Ook hebb enwij persoonlijke gedenkdagen achter ons liggen. Vandaar deze brief. Op 11 april mocht ik mijn 75ste jaar bereiken. De 19de april werd mijn vrouw 76 jaar. En op diezelfde dag hebben wij met onze kinderen en de meeste kleinkinderen die aanwezig konden zijn met elkander ons 50-jarig jubileum van ons huwelijk herdacht.

Wij hebben zoveel medeleven ontvangen op die gedenkdagen, dat het niet mogelijk is om elk afzonderlijk daarvoor te bedanken. Ik wil beginnen onze mede broeders in de ambtelijke bediening hartelijk dank te zeggen voor hun medeleven. Het deed ons echt goed. Met alles wat meegemaakt is sinds 53 jaar is de band der liefde toch niet verbroken. Ook van enkele leraars van de Oud-Geref. Gemeenten ontvingen wij per telefoon en per post een hartelijke felicitatie. Ook die leraars wensen wij langs deze weg onze dank toe te brengen. De post heeft ons zoveel kaarten en brieven bezorgd uit verschillende paatsen dat wij die niet allen kunnen opnoemen. We hebben een hele dag nodig gehad om ze allen open te maken en even in te zien.

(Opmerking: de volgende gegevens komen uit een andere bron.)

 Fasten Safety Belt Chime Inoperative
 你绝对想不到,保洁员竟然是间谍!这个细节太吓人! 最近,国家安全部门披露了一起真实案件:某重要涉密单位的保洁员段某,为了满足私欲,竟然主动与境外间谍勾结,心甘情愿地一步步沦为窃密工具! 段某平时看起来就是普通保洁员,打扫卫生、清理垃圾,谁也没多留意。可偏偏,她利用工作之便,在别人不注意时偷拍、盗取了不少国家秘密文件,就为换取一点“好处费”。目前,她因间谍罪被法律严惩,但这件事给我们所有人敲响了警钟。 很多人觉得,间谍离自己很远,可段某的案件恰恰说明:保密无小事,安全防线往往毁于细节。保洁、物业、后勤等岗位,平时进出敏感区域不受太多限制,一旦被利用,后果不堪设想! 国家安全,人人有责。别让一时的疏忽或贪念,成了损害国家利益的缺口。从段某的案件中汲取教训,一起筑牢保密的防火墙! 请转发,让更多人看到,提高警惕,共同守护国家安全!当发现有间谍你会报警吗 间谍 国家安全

Velen zonden bij hun schrijven ook nog stoffelijke blijken van medeleven. Zowel met bloemen als met fruitmanden zijn we overladen geworden.

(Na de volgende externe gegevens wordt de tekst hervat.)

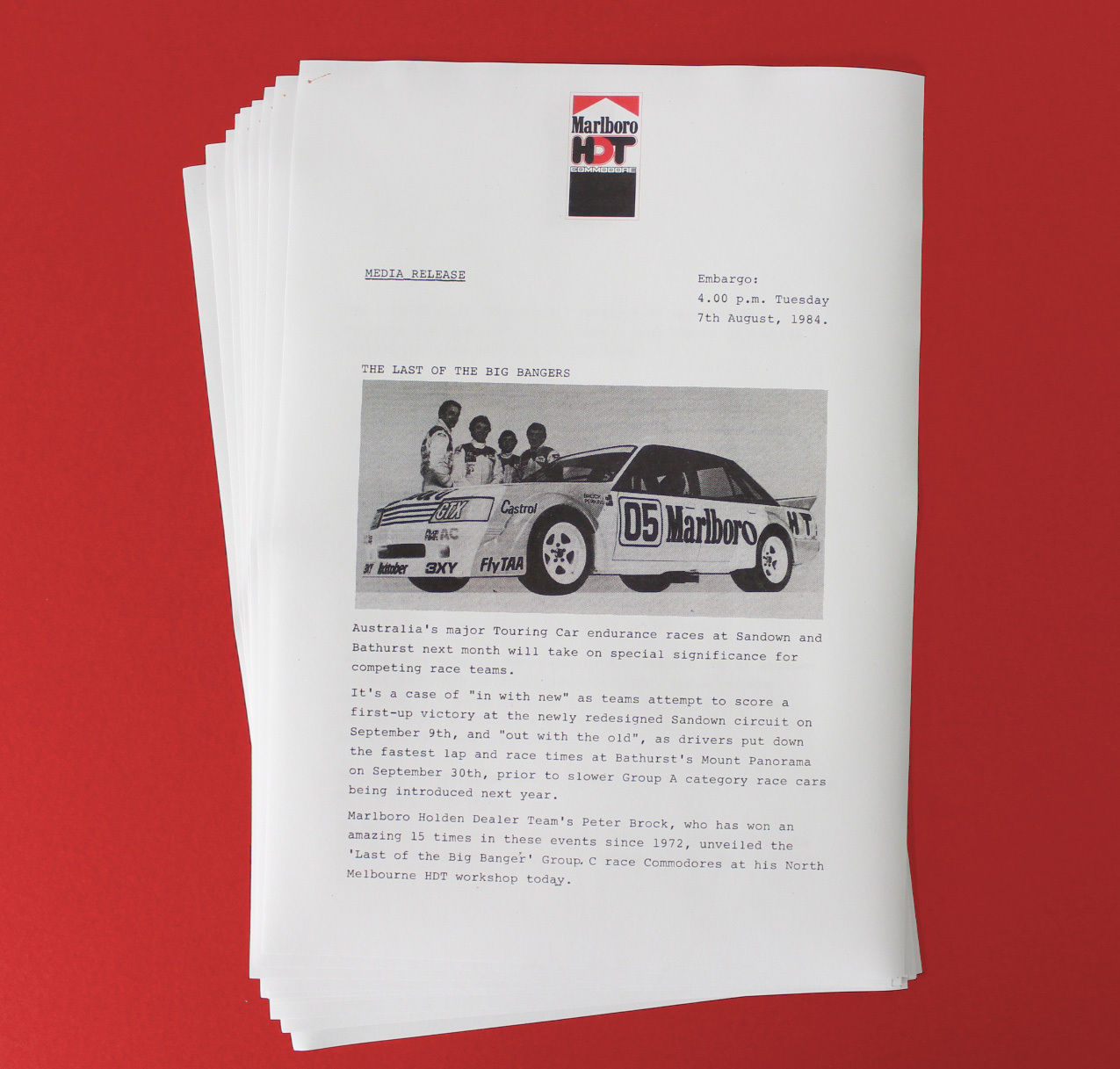 Here is a copy of an original media kit from my private collection, "Last of the Big Bangers". The twin VK model Commodore, restyled in eye-catching Marlboro international livery, are a good chance to rewrite the record books over the coming month. Brock's driver line-up includes himself and dual Bathurst winner Larry Perkins in car 05, while MHDT veteran and 1983 Bathurst co-winner John Harvey will pair with up and coming Tasmanian, David Parsons, in the second team Commodore. This includes 10 pages covering
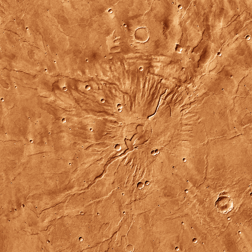 Volcanoes located within the densely cratered southern highlands have a very different morphology from either the Tharsis or Elysium volcanoes. Tyrrhena Patera has very little vertical relief (< 2 kilometers), resulting in very shallow flank slopes. The flanks of the volcano are deeply eroded with many broad channels that radiate from the summit region. The low relief and easily erodible nature of the flank materials has been interpreted to indicate that the bulk of the volcano is composed of pyroclastic ash deposits. This interpretation implies that the style of eruption for the highland volcanoes like Tyrrhena Patera is significantly different from the repeated effusion of fluid lavas that built up the shield volcanoes. This image is Copyright © by Calvin J. Hamilton. Any commercial/for-profit use of this image needs to be addressed to Calvin J. Hamilton. Caption by LPI. |
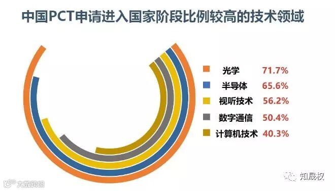 中国PCT申请进入PCT国家阶段比例较高的领域是光学、半导体、视听技术、数字通信、计算机技术领域。其中,光学、半导体、视听技术和数字通信领域的进入比例超过50%,光学领域更是达到71.7%。
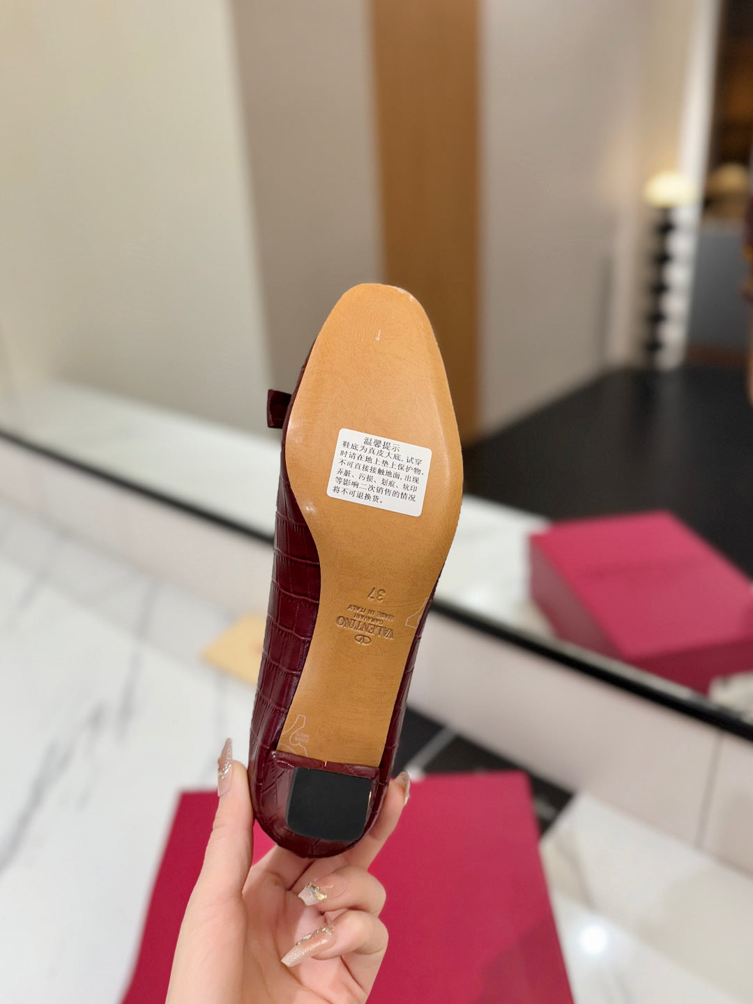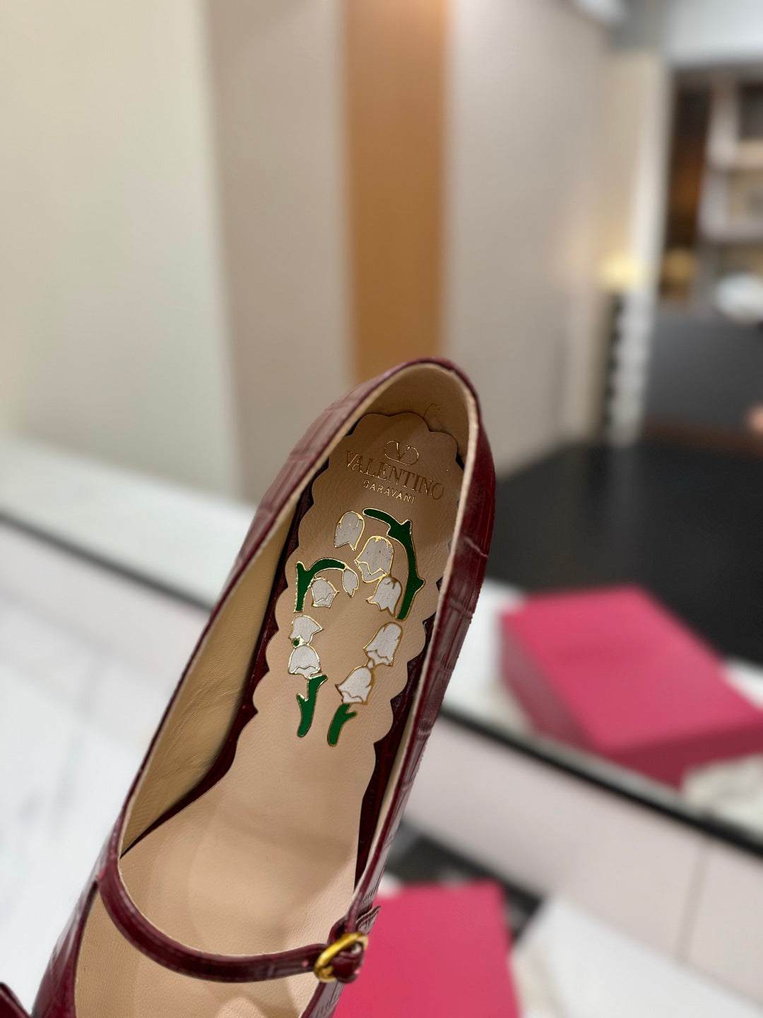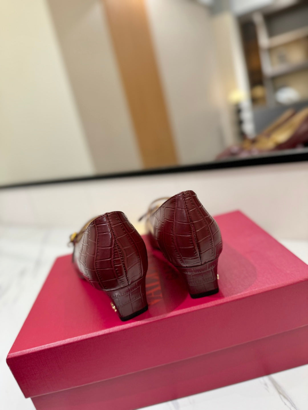VLTN VLOGO SIGNATURE ROUND-TOE HEELS 25S IN DARK RED LAMBSKIN SNAKE-EMBOSSED

Sommigen zonden ook nog een bedrag in geld. Wij weten eigenlijk geen juiste woorden te vinden om Uw aller medeleven te bedanken.

Onze tegenwoordige gemeente Ederveen hopen we woordelijk te bedanken. Wel mag iedereen weten dat de blijken van waardering alle verwachtingen verre te boven is gegaan. En dat aan een paar oude mensen die versleten zijn. Mijn catechisanten heb ik in aanwezigheid van mijn vrouw reeds bedankt voor hun zeer hartelijke en liefdevolle bijken van waardering.

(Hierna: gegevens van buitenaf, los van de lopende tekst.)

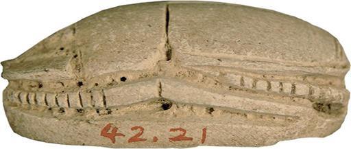 | Keywords: Egyptian - Scarab of Imeni - Walters 4221 - Left.jpg The ancient Egyptians believed that the dung beetle the Scarabaeus sacer was one of the manifestations of the sun god Representations of these beetles were used as amulets and for ritual or administrative purposes The bottom this scarab functions as a private name seal and contains the titles and name of a person called Imeni The text displays two not very clear defined columns of left reading hieroglyphic inscription without column dividers; an oval line frames the inscription The hieroglyphs of the bottom fill the whole text field but with some space in between; the layout is not very well balanced and some of the signs collide with the borderline The shape of the signs is simple and then has the typical Middle Kingdom form The highest point of the back is the partition between pronotum dorsal plate of the prothorax and elytron wing cases which is also defined by two side-notches and a deeply incised partition line A triple division line between the wing cases and a deep borderline which meet slightly asymmetrically at the rear are also visible The rectangular head is flanked by triangular eyes; the side plates are trapezoidal with curved outer edges and clypeus has a deep central base notch The proportions of the top are slightly unbalanced and the head section short in comparison to pronotum and elytron The raised extremities have natural form and vertical hatch lines on the fore- and hindlegs for the tibial teeth and pilosity hair ; the background between the legs is hollowed out The base has a symmetrical long-oval shape The scarab is longitudinally pierced was originally mounted or threaded and functioned as a private name seal and user Imeni individualized amulet which should guarantee constancy of individual existence and social status Imeni was a very popular name in the Middle Kingdom and Detlef Franke alone identified twenty-one different individuals with this name It is possible that it was the same Imeni who left an inscription with his name and the titles on the Sinai Peninsula in the year 42 of the reign of king Amenemhet III ca 1882 1798 BC Middle Kingdom light beige steatite cm 1 06 1 7 2 5 accession number 42 21 18240 Henry Walters Baltimore 1911 mode of acquisition unknown Walters Art Museum Henry Walters Acquired by Henry Walters 1911 Translation The seal-bearer of the King of Lower Egypt chief steward of the distribution of goods and orders Imeni Secret Signs Egyptian Writing The Walters Art Museum Baltimore 2003-2004 place of origin Egypt Walters Art Museum license Ancient Egyptian scarabs in the Walters Art Museum Media contributed by the Walters Art Museum needs category review |
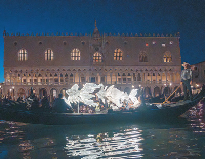 本屆威尼斯國際建筑雙年展期間,在威尼斯貢多拉船布置的“流動的塱頭”藝術裝置。
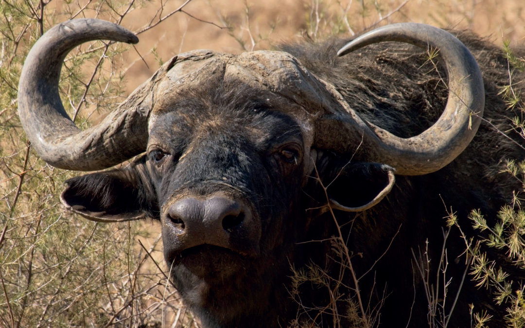 Realizing that Barry did not possess the best ‘bush eyes’, I figured that we really needed to get onto buffalo in the morning when there was ample light, as that would provide the best visibility for his seasoned eyes. So, on day seven of the seven-day safari, we set out with renewed confidence that success was just an opportunity away. Heading straight to the reeds, we began the morning as we had done every morning previous, glassing and looking for egrets. As we rounded a familiar bend, I saw the thin arm of Jabulani reaching for the sticks, and I knew that he had seen something that had eluded the rest of us.
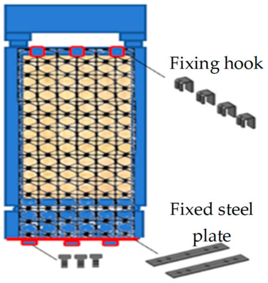 When conducting the four-way geogrid–soil interface shear test using the system, it is essential to ensure that the geogrid remains tightly secured and its relative position with the lower box remains unchanged. Since the geogrid cannot be fixed between the upper and lower boxes upon delivery of the instrument, a modification has been made to prevent any horizontal movement, deflection, or folding of the geogrid during shear testing. A self-designed four-way geogrid fixing device has been implemented for this purpose. As Figure 4 illustrates, this device consists of a fixed steel plate and four hooks for securing the geogrid. The geogrid fixing device effectively secures the geogrid on the horizontal plane of the lower box to maintain its tautness throughout cutting operations. During usage, one side of the geogrid is firmly affixed to the front of the lower shear box using a fixed steel plate, while another side is fastened to it with a grille fixing hook. During the cyclic shear test, the upper shear box is fixed, and the lower shear box starts the cyclic shear from the equilibrium position and finally returns to the equilibrium position.

U mag ook nog weten wat ik tegen hen gezegd heb. Dat ik zeer waardeer wat ze aan ons gegeven hebben, doch dat ik voor hen nog iets meer begeer dan een aangenaam samen leven zo lang als het de Heere behaagd. Dit: Dat ik van de Heere begeer als het hoogste cadeau, dat Hij ons als een middel zou mogen gebruiken, om nog zielen te willen toebrengen tot de gemeente die zalig zal worden. Wat zouden we verblijd worden als we dat nog mochten aanschouwen. Een aangenaam en onvergetelijk ogenblik zijn we met onze Catechisanten bijeen geweest. Die jonge mensen hebben ons nog een versje toegezongen, dat er bij ons beiden diep ingegaan is. Onder diepe indruk van Gods goedertierenheid zijn we die Catechisatieavond weer naar huis gegaan. Toen we beiden weer in huis waren hebben we tegen elkander gezegd met een traan in het oog: Dat was toch een aangenaam uurtje. Wat toch een verschil van tranen schreien. Meisjes en jongens nogmaals bedankt voor jullie liefdevol medeleven.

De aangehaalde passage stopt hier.